But when you listen carefully to what Bush and Kerry say, it becomes clear that the differences between them are more profound than the matter of who can be more effective in achieving the same ends. Bush casts the war on terror as a vast struggle that is likely to go on indefinitely, or at least as long as radical Islam commands fealty in regions of the world. In a rare moment of either candor or carelessness, or perhaps both, Bush told Matt Lauer on the ''Today'' show in August that he didn't think the United States could actually triumph in the war on terror in the foreseeable future. ''I don't think you can win it,'' he said -- a statement that he and his aides tried to disown but that had the ring of sincerity to it. He and other members of his administration have said that Americans should expect to be attacked again, and that the constant shadow of danger that hangs over major cities like New York and Washington is the cost of freedom. In his rhetoric, Bush suggests that terrorism for this generation of Americans is and should be an overwhelming and frightening reality.

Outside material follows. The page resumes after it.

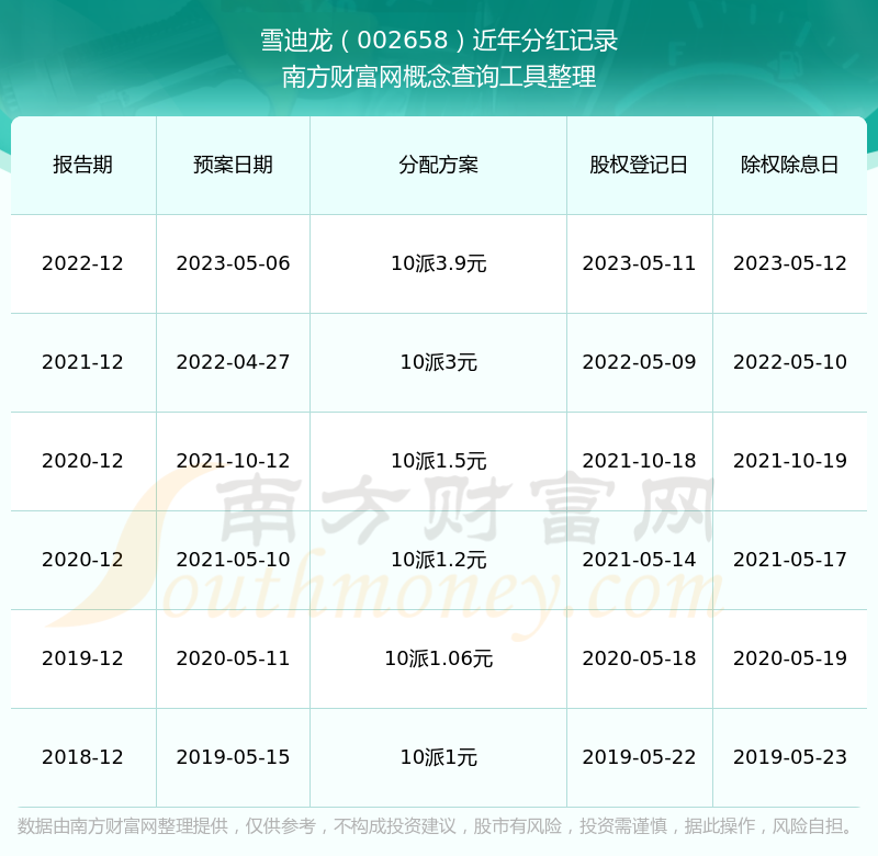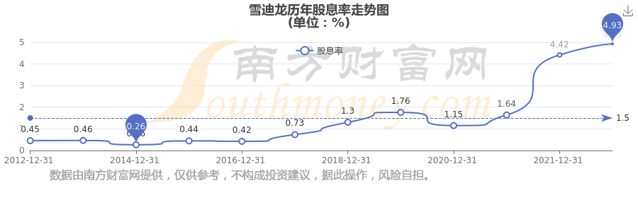 雪迪龍最新一次公布的分紅方案:10派3.9元。

When I asked Kerry what it would take for Americans to feel safe again, he displayed a much less apocalyptic worldview. ''We have to get back to the place we were, where terrorists are not the focus of our lives, but they're a nuisance,'' Kerry said. ''As a former law-enforcement person, I know we're never going to end prostitution. We're never going to end illegal gambling. But we're going to reduce it, organized crime, to a level where it isn't on the rise. It isn't threatening people's lives every day, and fundamentally, it's something that you continue to fight, but it's not threatening the fabric of your life.'' [Emphasis added]

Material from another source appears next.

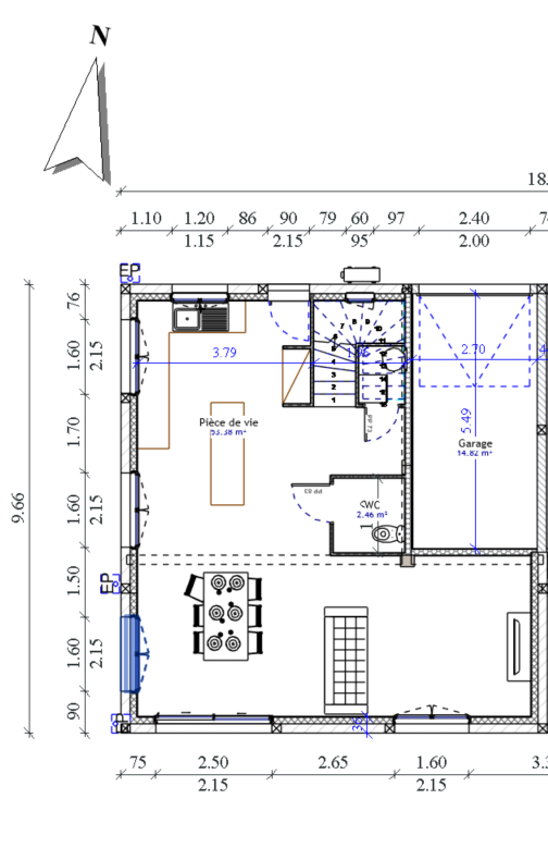 Rez-de-chaussée Pièce de vie exceptionnelle de 53m² baignée de lumière grâce à sa double exposition.

I'm already at a point where the jihadists are not the focus of my life, thank you. However, Kerry's vision of "terrorists as acceptable criminal nuisance" is not the kind of film-noir future I want to live in. For one thing, it would coarsen our society, tolerating behavior akin to that of the KKK, lynch mobs, and the Timothy McVeighs of the world.
Mr. Giuliani said it well:
The idea that you can have an acceptable level of terrorism is frightening. How do you explain that to the people who are beheaded or the innocent people that are killed, that we’re going to tolerate a certain acceptable [level] of terrorism, and that acceptable level will exist and then we’ll stop thinking about it?I don't want to live as they do in Israel, wondering where the next atrocity will be while still mourning the victims of the last blast. That's not acceptable to the people in Bali, Saudi Arabia, Madrid, Pakistan, India, Beslan, Taba, Ras Shitan, or Baghdad either.
I agree with President Bush that the war against the jihadists may take decades. Yet the President is working to build a better world along the way, because he has a vision of leaving a legacy of freedom and democracy in our wake, of "spreading the peace".